04 January 2012

Expectations

Here's lookin' at you kid....

Why so serious? Mostly because you probably have goals that dictate a certain level of seriousness is a necessary - yet not a sufficient condition for success. Who has dictated what success is and what exactly the expectations for you are? If you do not live up to these expectations will you disappoint others? Family? Friends? People you don't know? No one? I might posit that depending from which one of the aforementioned groups your expectations were borne, will determine both your success and your failure. Directly related is the ability of others to ascertain with some degree of certainty your true talents. Whatever they may be - they largely form the basis for expectations that others will have for you. Expectations from outside are not assigned at random, and at a first approximation are assigned according to underlying ability. The accuracy for which these talents are ascribed largely determines ones ability to realize expectations based on some a priori expectations.

I will briefly address those bear expectations by those they do not know before I address what will more directly relate to my readers. You run a 4.3 fourty. You are 6'7". You got a wicked jump shot. You can slang the crack rock. You've let it be known you scored a perfect score on the SAT. You often opine on matters of national security and reveal that you have a nack for all things political. You have true incite on the inner workings of the ECB. You hit 15 homeruns in high school. You were always the guy chosen first in PE. People that fit theses descriptions and/or any others that allowed people they didn't know to have clear expectations for them to utilize "god given" talents such as these (or others) inevitably lead to higher levels of disappointment. The unknowns increase the less you know someone. And at the highest levels of achievement - presumably those for which expectations lie amongst those who have strong innate physical or outwordly facing intellectual skill - matter the most. You cannot observe intangibles which make people great, so your expectations fail. You don't know the 17 year old who throws 90 miles an hour enjoys smoking weed more than working on his mechanics or learning the game. You don't know that the kid in your poli sci class who understands why the succession in North Korea hangs so precariously in the balance - has not the drive to develop the ability to translate knowledge into actionable policy. Yet, its also very fun to talk about these people who so obviously failed the expectations we all had for them before they achieved anything.

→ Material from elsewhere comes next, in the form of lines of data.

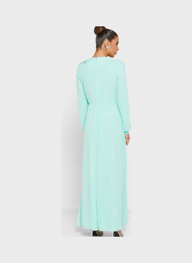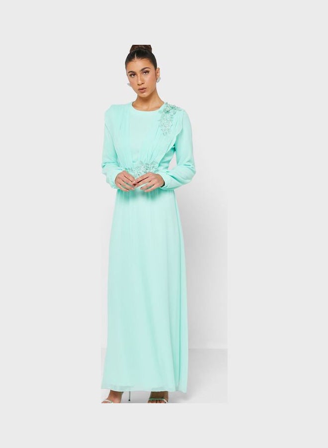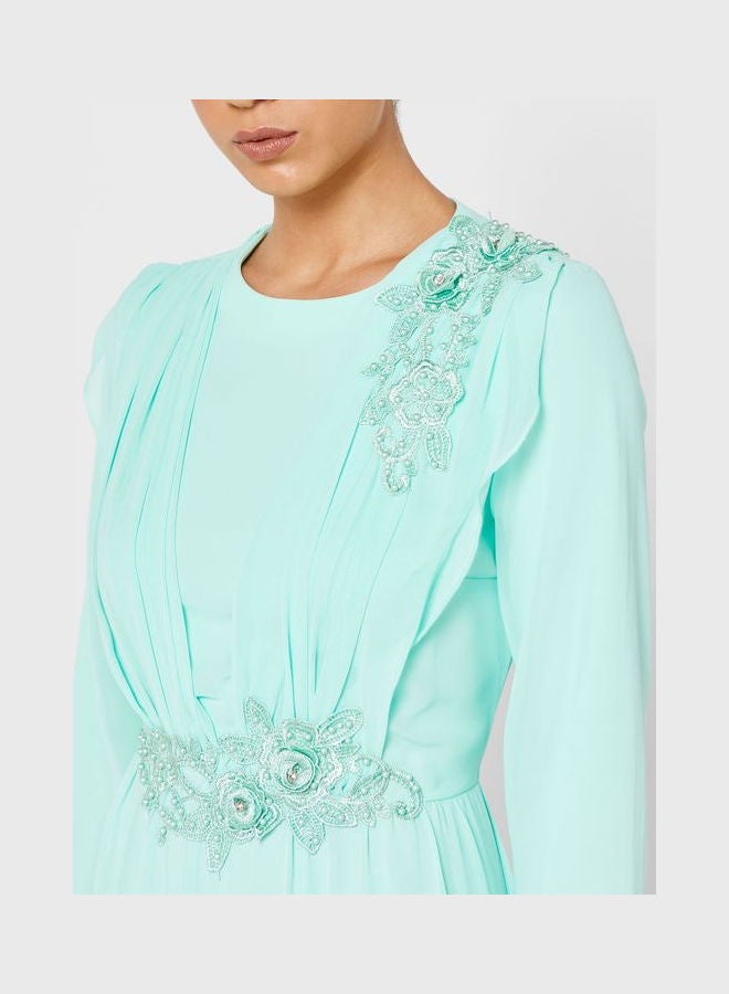 Revamp your occasion wear with a modern twist in this stunning dress featuring intricate lace detailing. The dress exudes elegance and sophistication, with a touch of fierceness. Made from soft and comfortable polyester fabric, it boasts a beautiful floral lace panel adorned with delicate beadwork on the front. The dress features a classic round neck and long sleeves, and is finished with a concealed zipper closure at the back.
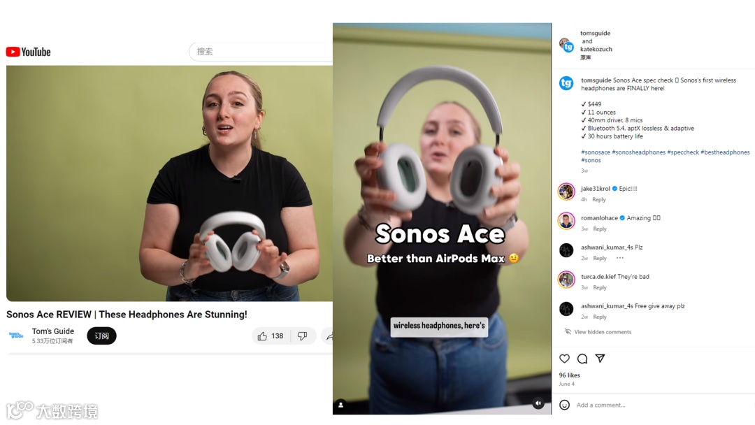 3. 社媒帖子:Youtube+Instagram reel组合:Sonos Ace头戴式耳机
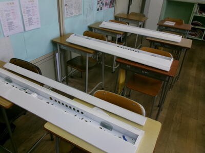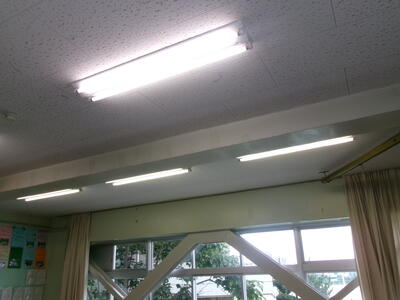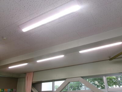3年生の教室の照明を、蛍光灯からLEDに代える工事を実施し、完了しました。
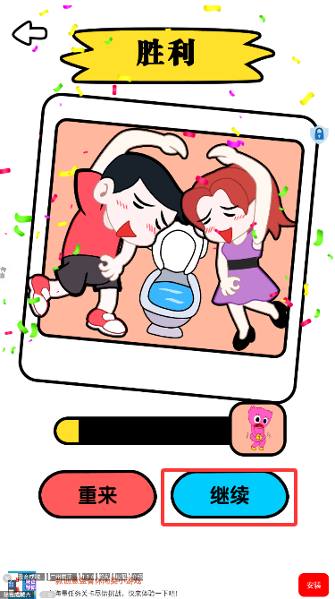 4、完成关卡后,点击右下角继续即可继续游玩。
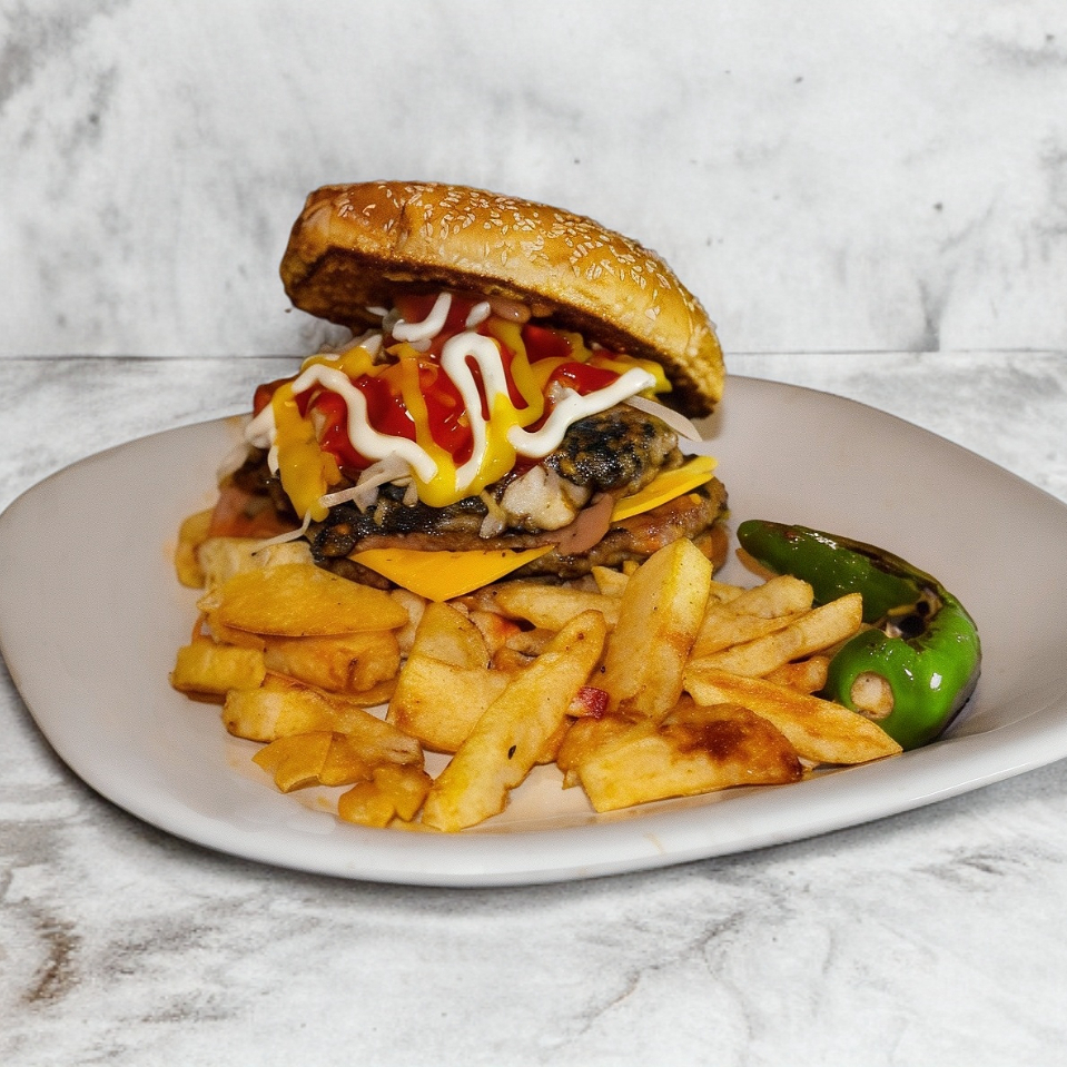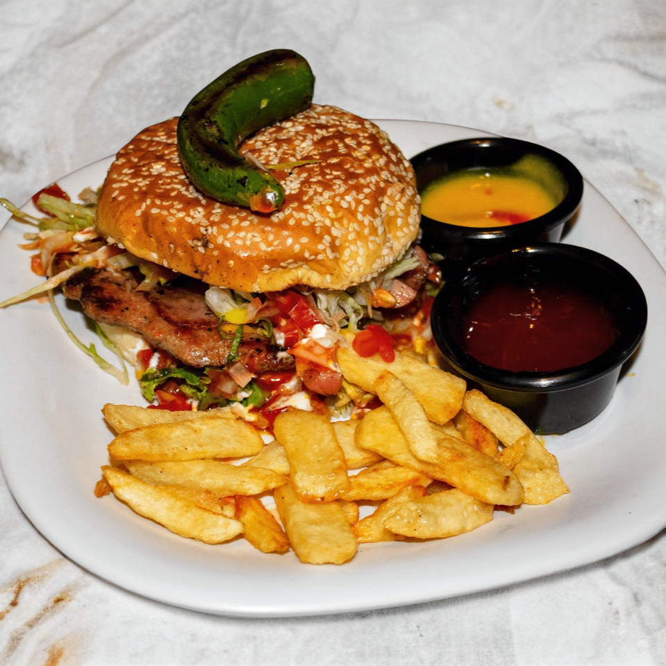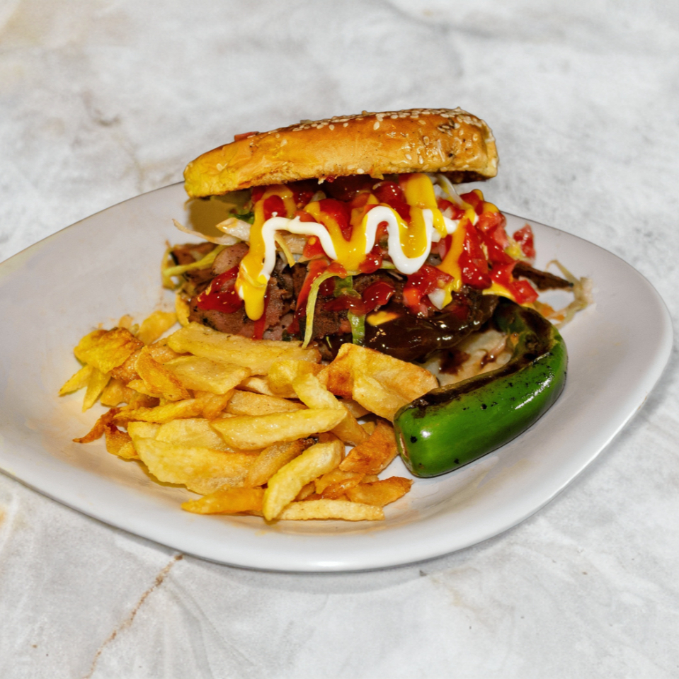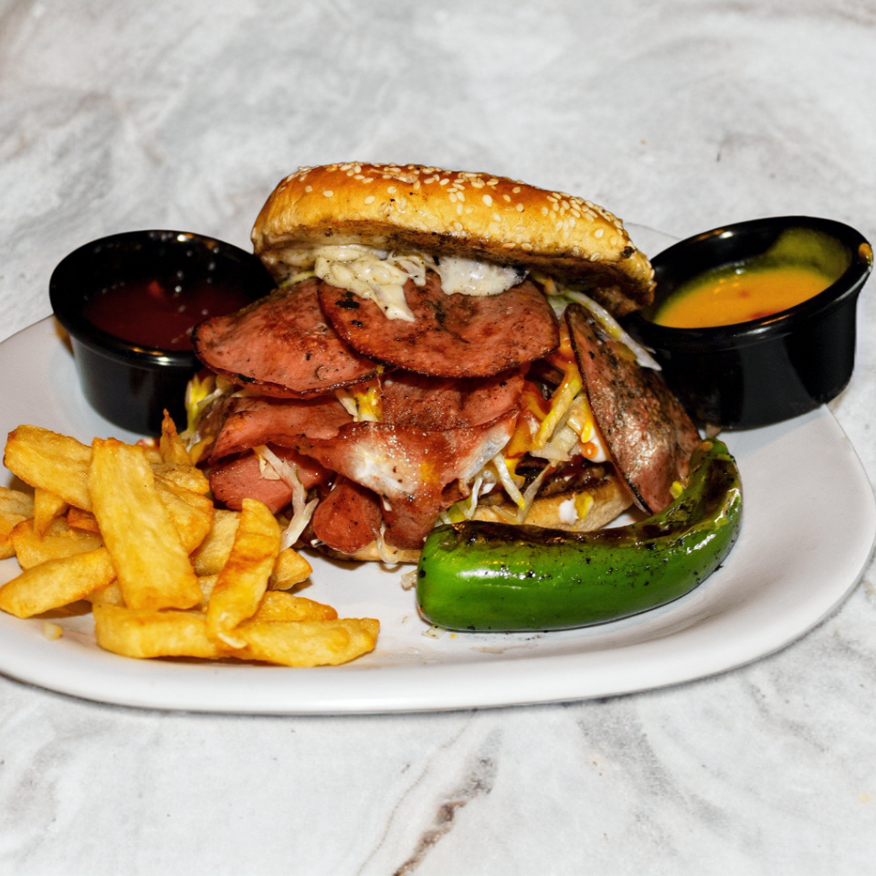 Carne de res o pollo aderezada en salsa BBQ, jamón, tocino, salchicha, queso amarillo, papas a la francesa.
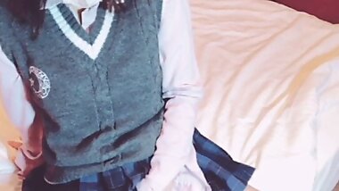 "Masturbation of a cute girl with short-cut hair and beautiful legs in school uniform"
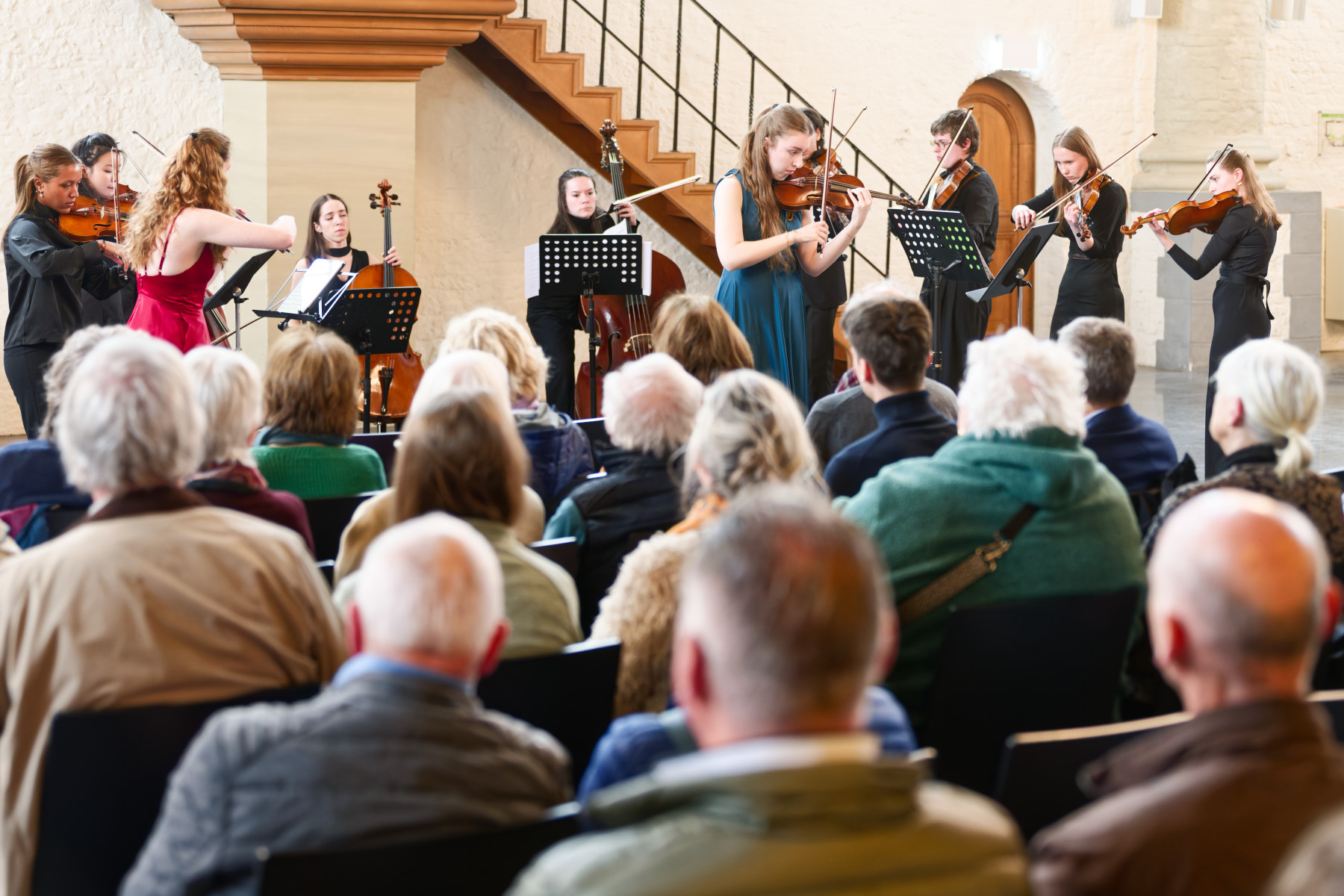 Das Ensemble ging ganz in der Musik auf, die zwischen melancholisch und stürmisch drängend angelegt ist und genoss – ebenso wie das Publikum – sowohl die vom Tango Nuevo geprägte Fassung Piazzollas als auch die raffinierte barocke Musik Vivaldis. Das Ensemble war intensiv bei der Sache, die Außenwelt schien nicht mehr existent. Es war ein Musizieren, das sich löste vom Alltag und seinen Problemen. Insbesondere die große Sicherheit in der Präsentation war bemerkenswert – nicht nur bei den Solistinnen, sondern auch bei den weiteren neun Musikern, die mit viel Dynamik bei der Sache waren. Bemerkenswert gestaltete sich das harmonische Miteinander im Spiel, die Sorgfalt, mit der Polina Munteanu ihrer doppelten Aufgabe als Solistin und Orchesterleiterin nachkam und der flotte Wechsel der Solistinnen: Polina Munteanu spielte die Vivaldi-Soli, Elena Meyer jene von Piazzolla – beide in kraftvoller Grifftechnik. Das war erstklassig.
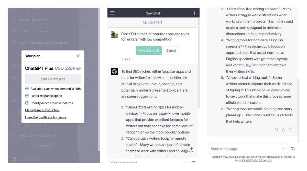 - Early access to new features: ChatGPT Plus now explicitly states that subscribers will have early access to upcoming features, making it even more appealing for professional writers and content creators.

And then there's me and you. We stand to have strong ability to shirk any abilities that we may have that lead to expectations - obtainable or otherwise. However, we have within our control the ability to leave the game altogether. Eliminate both the downside risk, and any upside. No one knows what you can achieve because your abilities do not fly in anyone's face. No let down there. Your expectations are what you make them out to be, or what (insert close family/friend/significant other) place on you. You don't achieve them and you only have (insert close family/friend/significant other) to imagine what could have been. Luckily, these are the same people who will easiest get past these expectations.  Set these expectations low for yourself - or convince yourself failure was out of your hands - and you can leave a smooth life without really going for anything great. No harm no foul.

If you're an average joe, by definition you scored par for the course and no one can say what could have been. If you're Darko Milicic you will never be able to escape public prosecution by every overweight sports fan who ever watched an NBA game. However, since you're not Darko - you never had the scrutiny or expectations that might have allowed you, or pushed you to become the next Tim Duncan, in whatever venue the NBA is in your sphere of life. For most of us it might be optimal to not face these kind of expectations. But for most of us who have no expectations of this kind - it easily can lead to a life of "who knows" rather than "what could have been."

2 comments:

  1. u talk like a lunatic crackhead on the subway

    also, full disclosure, i read maybe 5% of this post. long and boring. i'm looking for two and a half men style one liners.